I am using the 5/64 allen wrench to remove the switch from a mag 4D. The allen wrench never locks into the nut allowing me to loosen the set screw. I've done this dozens of times on other mags and have never had this problem. Has anyone run into this? Any ideas on removing the switch?


----------



## DIWdiver (Oct 24, 2010)

MAG recently changed to a Torx T8 screw. Unfortunately, most Torx drivers get fatter right behind the tip, and won't fit through the new smaller hole in the switch.

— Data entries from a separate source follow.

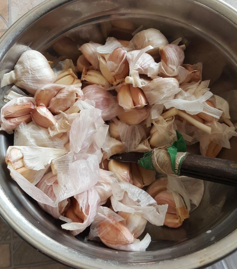 1. 마늘을 까주고... 싹이 났거나 혹시 썩은 것이 있으면 도려내고...
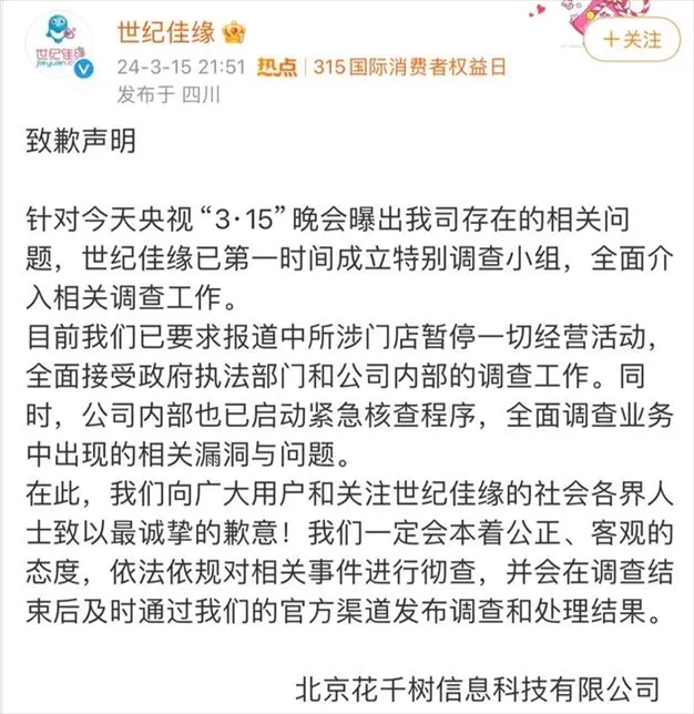 值得一提的是,今年央視3·15晚會(huì)曝光珍愛網(wǎng)、世紀(jì)佳緣、戀愛課等多家婚戀平臺(tái)涉嫌用優(yōu)質(zhì)的異性資源、0門檻的誘人廣告、言之鑿鑿的成功案例作為噱頭,欺騙消費(fèi)者。對此,世紀(jì)佳緣致歉稱,第一時(shí)間成立特別調(diào)查小組,全面介入相關(guān)調(diào)查工作。目前公司已要求報(bào)道中所涉門店暫停一切經(jīng)營活動(dòng),全面接受政府執(zhí)法部門和公司內(nèi)部的調(diào)查工作。同時(shí),公司內(nèi)部也已啟動(dòng)緊急核查程序,全面調(diào)查業(yè)務(wù)中出現(xiàn)的相關(guān)漏洞與問題。珍愛網(wǎng)官方微博發(fā)布致歉聲明,稱在第一時(shí)間成立專項(xiàng)小組,采取最嚴(yán)措施,全面深入調(diào)查并立即處理相關(guān)問題。
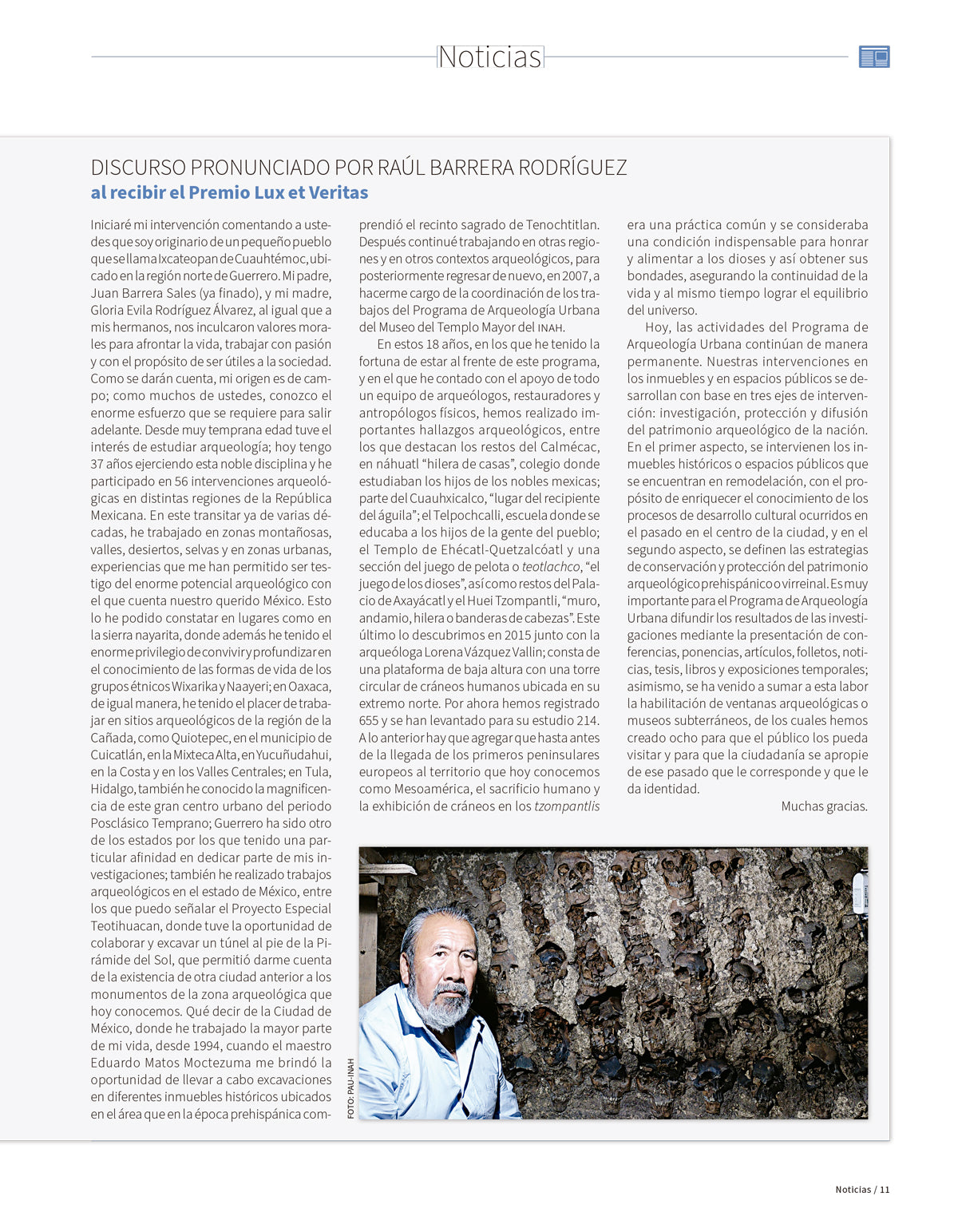Discurso pronunciado por Raúl Barrera Rodríguez al recibir el Premio Lux et Veritas

There's a thread about this somewhere, where members have ground down the driver shaft so it will fit in the hole. Also, a flat screwdriver of just the right width will also work. I made one from a broken bicycle spoke by hammering it to make it wide enough, then carefully grinding a flat tip on it.


----------



## wquiles (Oct 24, 2010)

Linkie to thread ...

https://www.candlepowerforums.com/threads/275264


----------



## Al Combs (Oct 24, 2010)

Here's the thread about the new T8 set screws.:shakehead

[edit: got to remember to look before I post]


----------



## BrownDog52469 (Oct 25, 2010)

Great!! Thanks guys.


----------